Personal information
- Born: 25 July 2002 (age 23) Darmstadt, Germany
- Listed height: 1.93 m (6 ft 4 in)
- Listed weight: 83 kg (183 lb)

Career information
- Playing career: 2017–present

Career history
- 2017–2023: Skyliners Frankfurt
- 2017–2020: →Skyliners Juniors
- 2022–2023: →Hamburg Towers
- 2023–2025: Baskets Oldenburg
- 2025–2026: Ratiopharm Ulm
- 2026–present: Nanterre 92

= Len Schoormann =

German basketball player (born 2002)

Len Adam Schoormann (born 25 July 2002) is a German professional basketball player for Nanterre 92 of the French LNB Élite and the Champions League.

==Early life and youth career==
Schoormann was born in Darmstadt to a Kenyan father and a German mother and grew up in Erzhausen. He focused on tennis in his childhood, and he started playing basketball at age six in primary school. At age eight, Schoormann competed for SG Weiterstadt, before moving to BC Darmstadt. In 2016, he joined the youth division of Skyliners Frankfurt, while attending the Carl von Weinberg School.

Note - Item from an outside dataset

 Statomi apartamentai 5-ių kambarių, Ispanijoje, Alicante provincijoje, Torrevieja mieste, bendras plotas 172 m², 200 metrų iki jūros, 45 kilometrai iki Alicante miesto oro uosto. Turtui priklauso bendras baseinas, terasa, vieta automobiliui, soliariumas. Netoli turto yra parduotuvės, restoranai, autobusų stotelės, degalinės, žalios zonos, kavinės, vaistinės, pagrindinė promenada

Two years later, Schoormann was named most valuable player of the Jugend Basketball Bundesliga, the German under-16 league. At age 15, he began playing in the Nachwuchs Basketball Bundesliga, the German under-19 league.

==Professional career==
Schoormann made his ProB debut for Skyliners Juniors in the 2017–18 season. On 17 November 2019, at age 17, he made his Basketball Bundesliga (BBL) debut for Skyliners Frankfurt in a loss to s.Oliver Würzburg. Schoormann joined the team's rotation at the 2020 BBL Final Tournament, scoring a season-high nine points in a loss to Brose Bamberg on 13 June. In 12 appearances during the 2019–20 BBL season, he averaged 2.8 points in 9.8 minutes per game.

On 15 July 2022, Schoormann joined fellow Bundesliga side Hamburg Towers on loan.

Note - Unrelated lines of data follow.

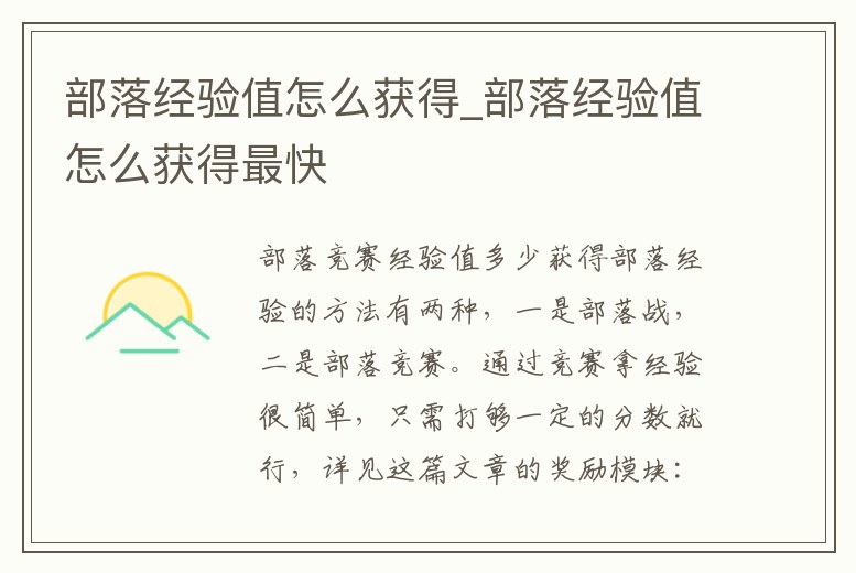- 部落經(jīng)驗值怎么獲得_部落經(jīng)驗值怎么獲得最快
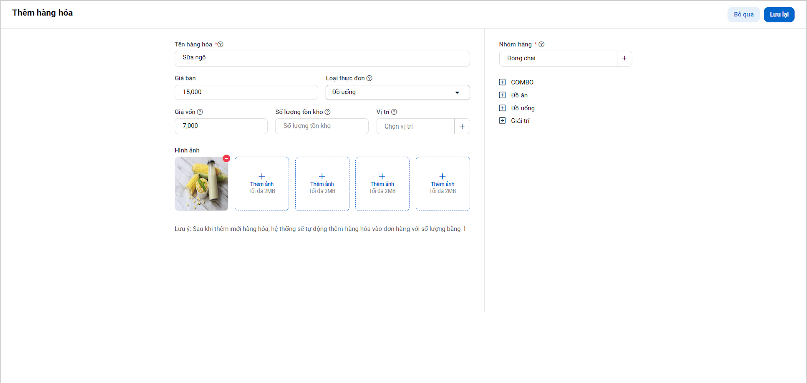 - Nhấn Lưu lại. Món ăn sẽ tự động được thêm vào đơn hàng với số lượng là 1 và đồng thời được lưu vào danh mục hàng hóa của bạn.
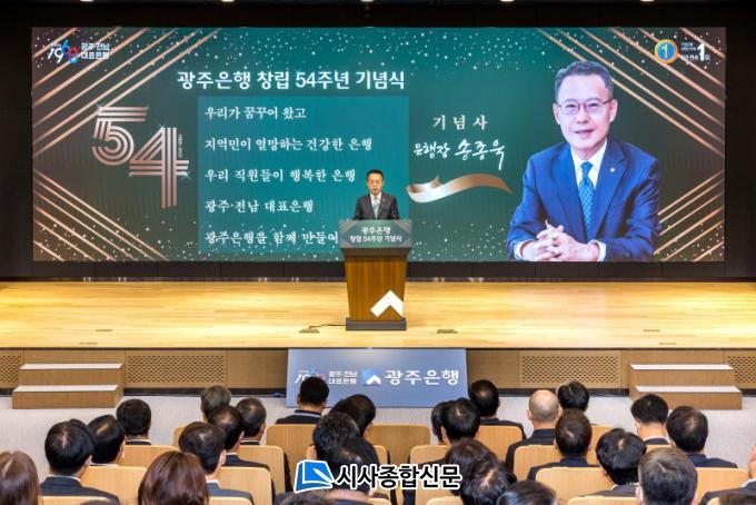 ¼ÛÁ¾¿í ±¤ÁÖÀºÇàÀåÀº ±â³ä»ç¿¡¼¡°Äڷγª ÆÒµ¥¹Í°ú ±Þº¯ÇÏ´Â ±ÝÀ¶½ÃÀå, °æ±âħü µîÀÇ ¾î·Á¿î °æ¿µÈ¯°æ ¼Ó¿¡¼µµ ³»½Ç ¼ºÀå°ú ¹Ì·¡ °³Ã´ÀÇ ¼º°ú¸¦ µ¿½Ã¿¡ ÀÌ·ï³¾ ¼ö ÀÖµµ·Ï ÇѰᰰÀº ¼º¿øÀ¸·Î ±¤ÁÖÀºÇàÀÇ µçµçÇÑ ¹öÆÀ¸ñÀÌ µÇ¾îÁֽŠÁö¿ª¹Î°ú °í°´´Ô²² Áø½ÉÀ¸·Î °¨»çµå¸®¸ç ±× ¼º¿ø¿¡ º¸´äÇϰíÀÚ ¾ÕÀ¸·Îµµ ±¤ÁÖ¡¤Àü³² ´ëÇ¥ÀºÇàÀÇ »ç¸í°¨À» °¡Áö°í ±â¾÷ÀÇ »çȸÀû Ã¥ÀÓ¿¡ ÃÖ¼±À» ´ÙÇÒ °ÍÀÌ´Ù¡±¸ç,¡°¡®Áö¿ª°ú »ó»ý, Áö¿ª¹Î°ú µ¿Ç࡯¿¡ ´ëÇÑ ÀÌÀÍ ÀÌ»óÀÇ °¡Ä¡¸¦ Ãß±¸ÇÔÀ¸·Î½á Áö¿ª¹Î¿¡°Ô °¡Àå »ç¶û¹Þ°í ½Å·Ú¹Þ´Â Áö¼Ó °¡´ÉÇÑ 100³â ÀºÇàÀ¸·Î ¼ºÀåÇØ ³ª°¡°Ú´Ù¡±°í ¸»Çß´Ù.

On 26 June 2023, he signed with Baskets Oldenburg of the Basketball Bundesliga.

On July 3, 2025, he signed with Ratiopharm Ulm of the German Basketball Bundesliga.

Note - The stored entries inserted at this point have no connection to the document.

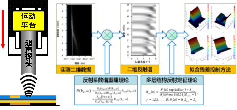 获取薄层材料对聚焦声场不同位置的回波信号,利用二维时空变换方法产生多频率、多角度反射系数谱,建立多层反射系数谱定征理论,通过多参数拟合残差控制方法控制材料特性参数的拟合求解精度,从而实现对薄层材料厚度、密度、声速、声衰减和杨氏模量的无损精确测量。
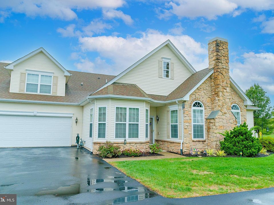 Don’t miss out on this wonderful 2 bedroom / 2.5 bathroom corner carriage house in the very popular “The Vineyards” 55+ community in Upper Hanover Twp. As you drive through the gated entrance, you will appreciate the wonderful setting this community offers, with walking paths, 3 hole chip & putt, tot lot for visitors, clubhouse w/ fitness room, game room, library & kitchen along with plenty of open space and views of the natural scenery. As you enter this home, you will appreciate the bright kitchen with white cabinets, tile backsplash, recessed lighting, hardwood floors and wonderful breakfast area w/ lots of natural light. The kitchen flows into the spacious living room and dining area complete with vaulted ceilings, recessed lights, gas fireplace and plenty of room for the big screen TV. The dining area offers plenty of room for the large gatherings etc. Just off the living room is a terrific home office / den area with entrance to the lovely paver patio. The main level also offers a half bath, laundry room and the primary bedroom suite. The bedroom offers a tray ceiling, large sitting area, walk in closet and luxury bathroom complete w/ double sinks and oversized shower. The upper level includes a 2nd bedroom w/ full bathroom and walk in closet. This home is conveniently located just a short commute from nearby grocery shopping, dining and easy access to Route 63 & 663.
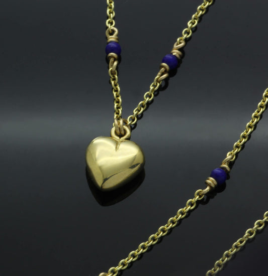 9ct Yellow Gold Heart & Lapis Lazuli Bead Necklace
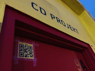 These numbers turned out to be the coordinates of a house across the street from CDPR's office in LA. This set players in motion, and before long they had obtained a picture of a QR code (pictured right) taped to CDPR's office door!
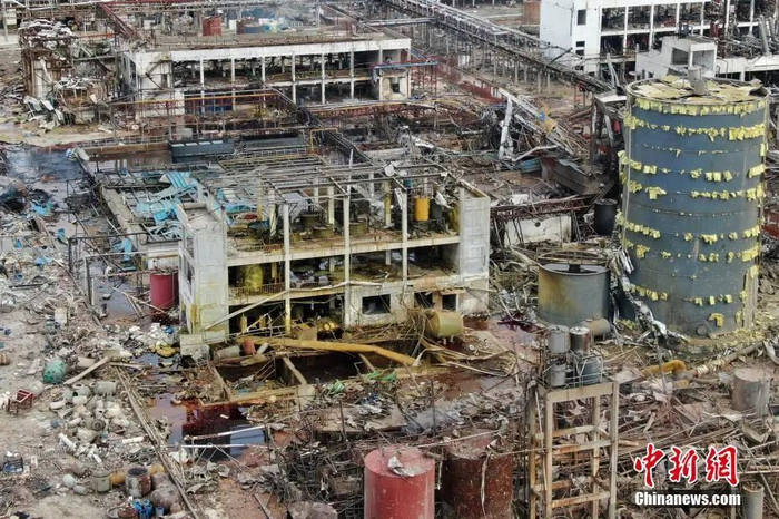 资料图:2019年3月22日,航拍江苏盐城响水县陈家港镇江苏天嘉宜化工有限公司爆炸核心现场。中新社记者 泱波 摄
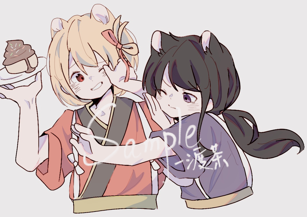2girls alternate_costume animal_ears bare_arms black_hair blonde_hair bow cat_ears chocolate_icing closed_mouth collarbone cropped_torso desert dot_nose eyelashes fighting frown grabbing_another's_hair grey_background grin hair_ribbon hair_rings hand_on_another's_cheek hand_on_another's_face holding holding_another's_hair holding_plate icing inoue_takina japanese_clothes kemonomimi_mode kimono light_blush long_hair low_ponytail lycoris_recoil multiple_girls nishikigi_chisato one_eye_closed ou'er_yiducha outstretched_arm plate ponytail purple_eyes purple_kimono raised_eyebrow red_eyes red_kimono red_ribbon ribbon sample_watermark short_hair short_sleeves sidelocks simple_background single_hair_ring smile sprinkles tearing_up v-shaped_eyebrows very_long_hair watermark white_bow
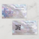 Esta elegante tarjeta de visita de lujo presenta un diseño de peonía irisada de nácar y una elegante letra manuscrita. En el reverso hay un código qr escaneable y una plantilla personalizada para nombre, dirección y redes sociales. Esta tarjeta de visita de glamour profesional es perfecta para salones, artistas de maquillaje, joyería y más.

On December 9, 2025, he signed with Nanterre 92 of the French LNB Élite.

==National team career==
Schoormann represented Germany at the 2017 FIBA U16 European Championship in Podgorica, averaging 6.9 points per game for the 13th place team. He missed much of the 2019 FIBA U18 European Championship with an ankle injury. The team finished in eleventh place.